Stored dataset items
══════════

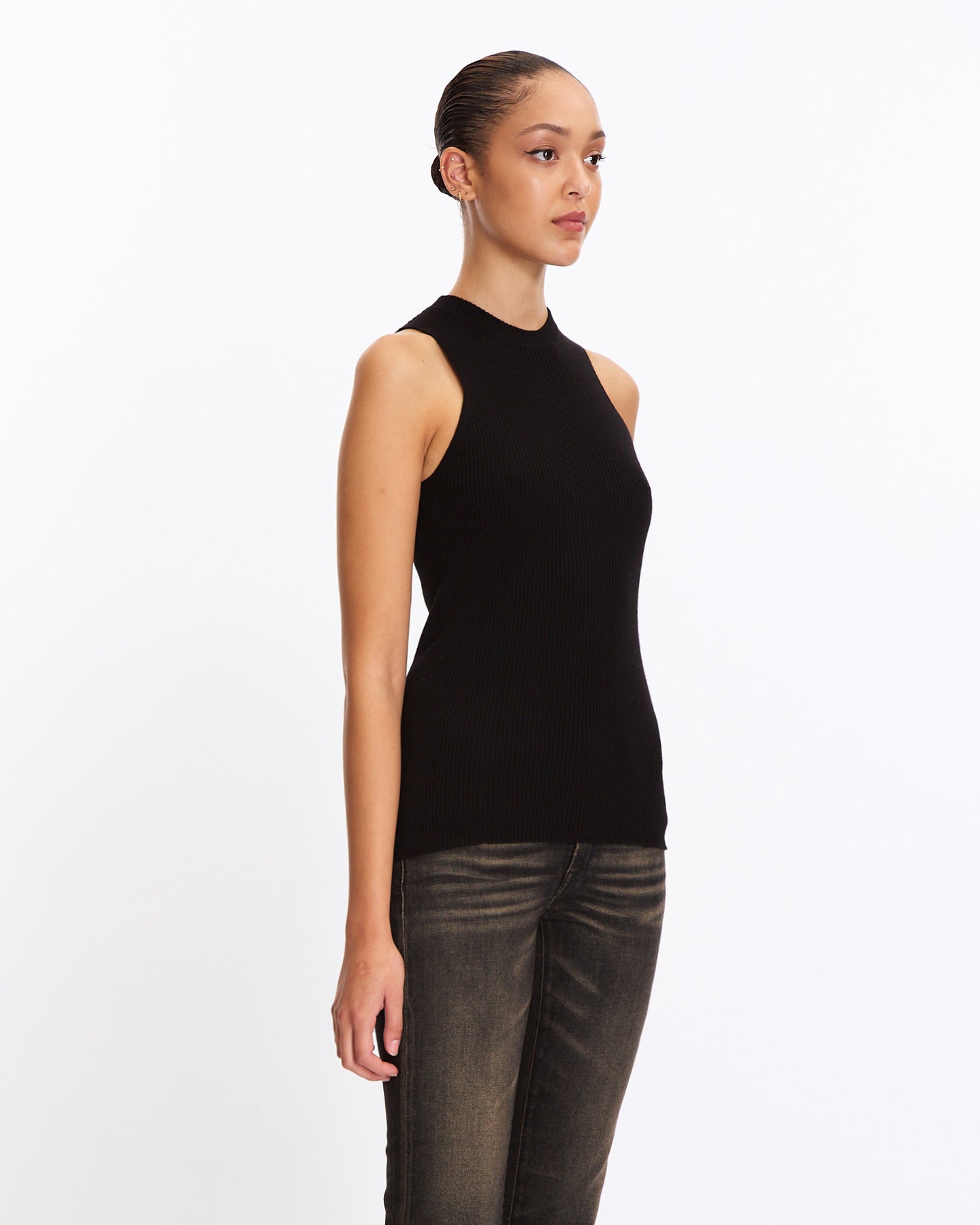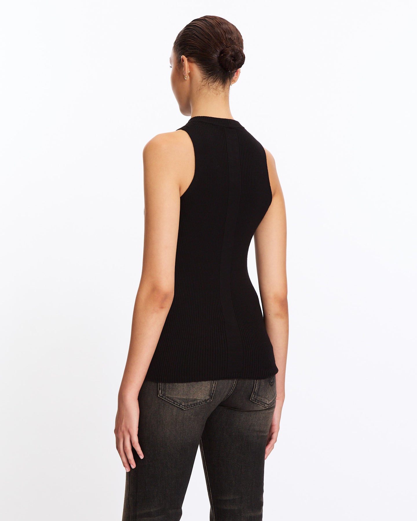 Rick Owens Tank in black features a fitted silhouette in lightweight ribbed knit. Details include rounded neckline with flat finish, signature knit channel running down centre back and lightweight wool fabrication.
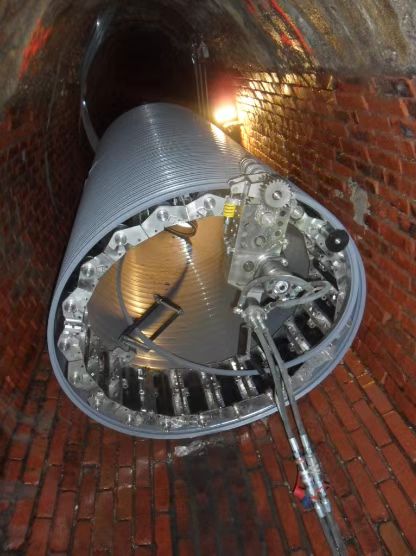 非開挖PVC螺旋纏繞襯里工藝(PVCspiralwoundlining)是由pvc等十幾種原料制成的內(nèi)襯修復(fù)材料。該技術(shù)的原理是將帶狀材料螺旋纏繞(通常是螺旋纏繞)pvc)安裝在需要修復(fù)的隧道內(nèi),并不斷前進(jìn)。材料膨脹后,舊管壁會(huì)緊貼形成新的管襯,每段修復(fù)材料之間會(huì)用特殊形式的鎖互鎖,接縫處會(huì)用鋼帶壓合。修復(fù)后隧道段面積損失較大,減少排水隧道流量;鋪設(shè)帶狀材料后,需要灌漿填補(bǔ)新襯里與舊管之間的間隙;
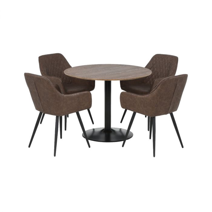 Bari-ruokapöytä tuo tilaan modernia ryhtiä mustaksi maalatun metallijalan ja tammiviilutetun MDF-kannen ansiosta. Pyöreä muoto tekee pöydästä helposti lähestyttävän ja antaa sille kevyen, selkeälinjaisen ilmeen, joka sopii täydellisesti niin moderniin kuin klassiseenkin sisustukseen. Saatavilla olevat kansivärit – musta ja ruskea – tarjoavat kaksi erilaista tyylivaihtoehtoa.
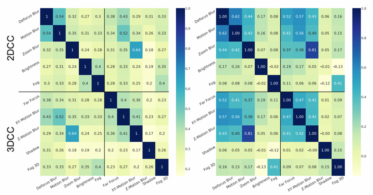 이에 따르면 3DCC는 벤치마크 내 뿐만 아니라 2DCC에 대해서도 상관관계가 적다. 따라서 3DCC의 다양한 corruption은 각각의 augmentation이 커버하는 범위가 다름과 동시에 기존의 2DCC와 중복되지 않음을 알 수 있음.
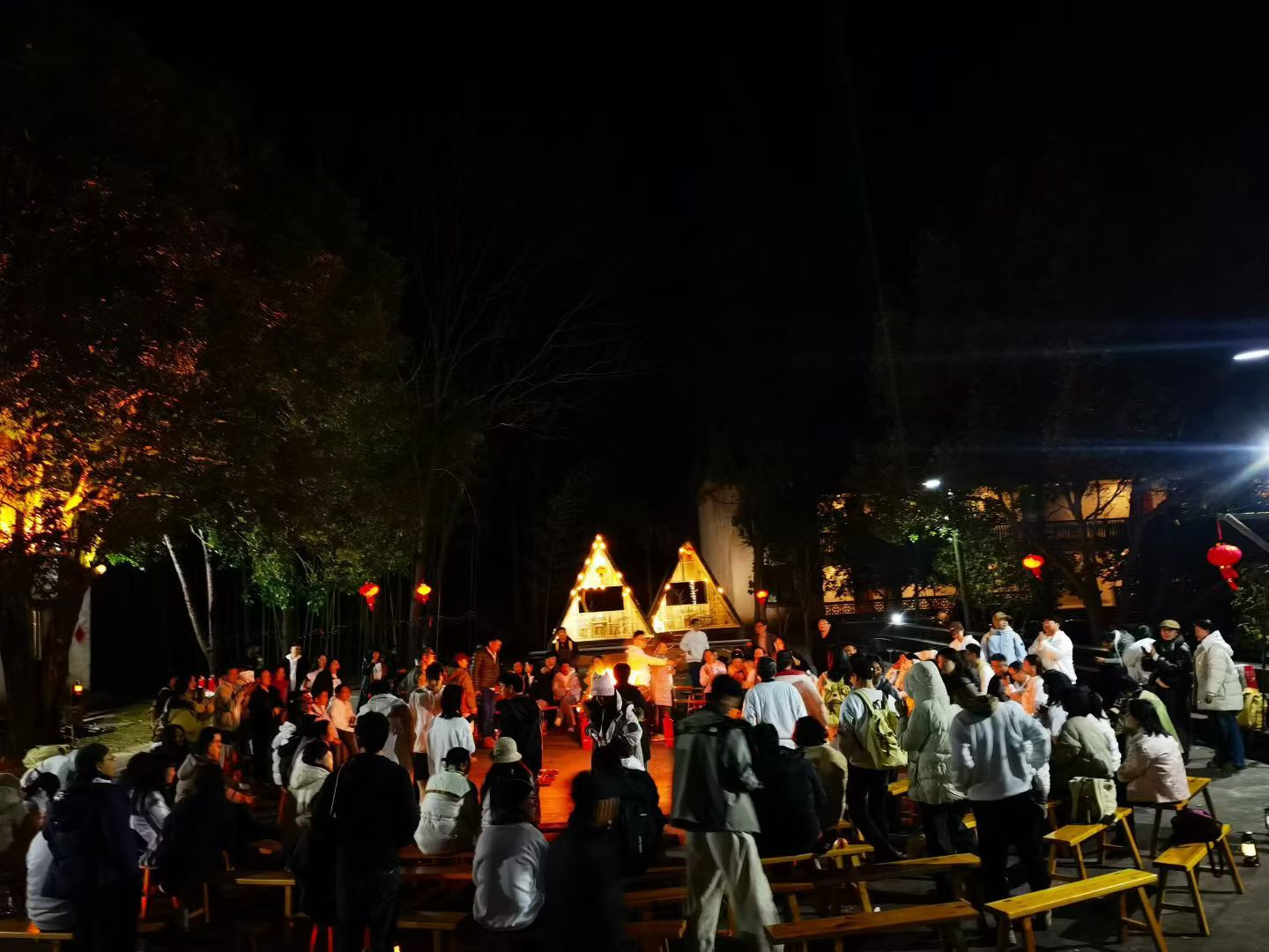 2月6日晚,马灯摇曳,篝火点燃,一场特别的“认亲仪式”,奏响文学年的序曲。在温暖的光晕里,新老驿友们拉着板凳围坐成圈,自我介绍声或腼腆或爽朗。有人分发家乡的茶饼,有人递过酥脆的烫皮,简单的食物消融陌生、联结情谊。“祝《星火》更红火!”“新年快乐,马年大吉!”……火光在一张张笑脸上跃动,质朴的祝福在掌声间响起。每当一名驿友言毕,身着迷彩服的安全员“斑马教官”许龙飞便会敲响那面古朴的铜锣。“铛——铛——”锣声在深山夜色中稳稳荡开,回响绵长。
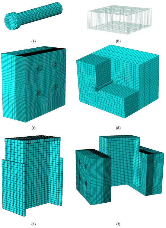 Details of the FE model and the meshing: (a) steel stud; (b) reinforcement; (c) concrete block; (d) details of the stud and surrounding concrete; (e) steel beam; (f) full of the FE model.
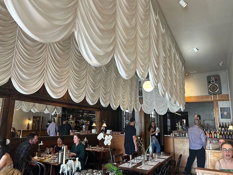 With a 5pm booking locked in (in my defence, I was heading to see Wuthering Heights at 7.30pm – but also, early dinners for the win!), I wasn’t sure the vibes would be pumping upon arrival. But within half an hour of sitting down in a two-seater booth, this charming spot has filled up entirely with a jovial mix of patrons spanning couples on date nights, friend groups and gals fuelling up before a night on the town.
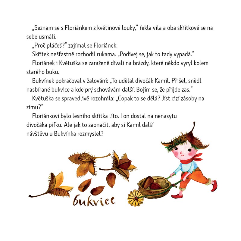 Byla jednou jedna louka, na kterou zavítala malířka. Sedla si do trávy, vytáhla barvičky a malovala, až namalovala skřítka Floriánka. Ten vám byl – úplně jako živý! Tím by celý příběh mohl skončit, jenže skřítek skutečně obživl, vyskočil z papíru a vydal se prozkoumávat svět. Když se k němu teď přidáte, zjistíte, jak si uplést kalhoty z trávy, skamarádíte se se skřivánkem a dalšími ptáčky, poznáte krásné květiny a ještě mnohem víc. Toto pohádkové vyprávění vám ukáže ty nejúžasnější zázraky přírody!
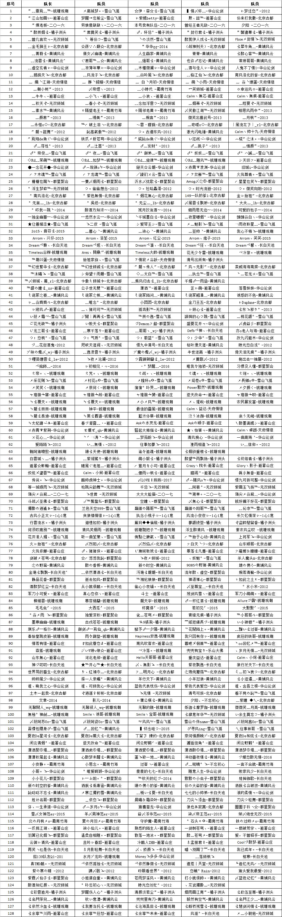 128强名人争霸赛固定队伍及其序号如下(以队长名称升序排序) (点击图片放大查看)

══════════

- [Task instructions]: The answer should be the records above, unchanged, with the pictures omitted.

- [Task output]:
 Rick Owens Tank in black features a fitted silhouette in lightweight ribbed knit. Details include rounded neckline with flat finish, signature knit channel running down centre back and lightweight wool fabrication.
 非開挖PVC螺旋纏繞襯里工藝(PVCspiralwoundlining)是由pvc等十幾種原料制成的內(nèi)襯修復(fù)材料。該技術(shù)的原理是將帶狀材料螺旋纏繞(通常是螺旋纏繞)pvc)安裝在需要修復(fù)的隧道內(nèi),并不斷前進(jìn)。材料膨脹后,舊管壁會(huì)緊貼形成新的管襯,每段修復(fù)材料之間會(huì)用特殊形式的鎖互鎖,接縫處會(huì)用鋼帶壓合。修復(fù)后隧道段面積損失較大,減少排水隧道流量;鋪設(shè)帶狀材料后,需要灌漿填補(bǔ)新襯里與舊管之間的間隙;
 Bari-ruokapöytä tuo tilaan modernia ryhtiä mustaksi maalatun metallijalan ja tammiviilutetun MDF-kannen ansiosta. Pyöreä muoto tekee pöydästä helposti lähestyttävän ja antaa sille kevyen, selkeälinjaisen ilmeen, joka sopii täydellisesti niin moderniin kuin klassiseenkin sisustukseen. Saatavilla olevat kansivärit – musta ja ruskea – tarjoavat kaksi erilaista tyylivaihtoehtoa.
 이에 따르면 3DCC는 벤치마크 내 뿐만 아니라 2DCC에 대해서도 상관관계가 적다. 따라서 3DCC의 다양한 corruption은 각각의 augmentation이 커버하는 범위가 다름과 동시에 기존의 2DCC와 중복되지 않음을 알 수 있음.
 2月6日晚,马灯摇曳,篝火点燃,一场特别的“认亲仪式”,奏响文学年的序曲。在温暖的光晕里,新老驿友们拉着板凳围坐成圈,自我介绍声或腼腆或爽朗。有人分发家乡的茶饼,有人递过酥脆的烫皮,简单的食物消融陌生、联结情谊。“祝《星火》更红火!”“新年快乐,马年大吉!”……火光在一张张笑脸上跃动,质朴的祝福在掌声间响起。每当一名驿友言毕,身着迷彩服的安全员“斑马教官”许龙飞便会敲响那面古朴的铜锣。“铛——铛——”锣声在深山夜色中稳稳荡开,回响绵长。
 Details of the FE model and the meshing: (a) steel stud; (b) reinforcement; (c) concrete block; (d) details of the stud and surrounding concrete; (e) steel beam; (f) full of the FE model.
 With a 5pm booking locked in (in my defence, I was heading to see Wuthering Heights at 7.30pm – but also, early dinners for the win!), I wasn’t sure the vibes would be pumping upon arrival. But within half an hour of sitting down in a two-seater booth, this charming spot has filled up entirely with a jovial mix of patrons spanning couples on date nights, friend groups and gals fuelling up before a night on the town.
 Byla jednou jedna louka, na kterou zavítala malířka. Sedla si do trávy, vytáhla barvičky a malovala, až namalovala skřítka Floriánka. Ten vám byl – úplně jako živý! Tím by celý příběh mohl skončit, jenže skřítek skutečně obživl, vyskočil z papíru a vydal se prozkoumávat svět. Když se k němu teď přidáte, zjistíte, jak si uplést kalhoty z trávy, skamarádíte se se skřivánkem a dalšími ptáčky, poznáte krásné květiny a ještě mnohem víc. Toto pohádkové vyprávění vám ukáže ty nejúžasnější zázraky přírody!
 128强名人争霸赛固定队伍及其序号如下(以队长名称升序排序) (点击图片放大查看)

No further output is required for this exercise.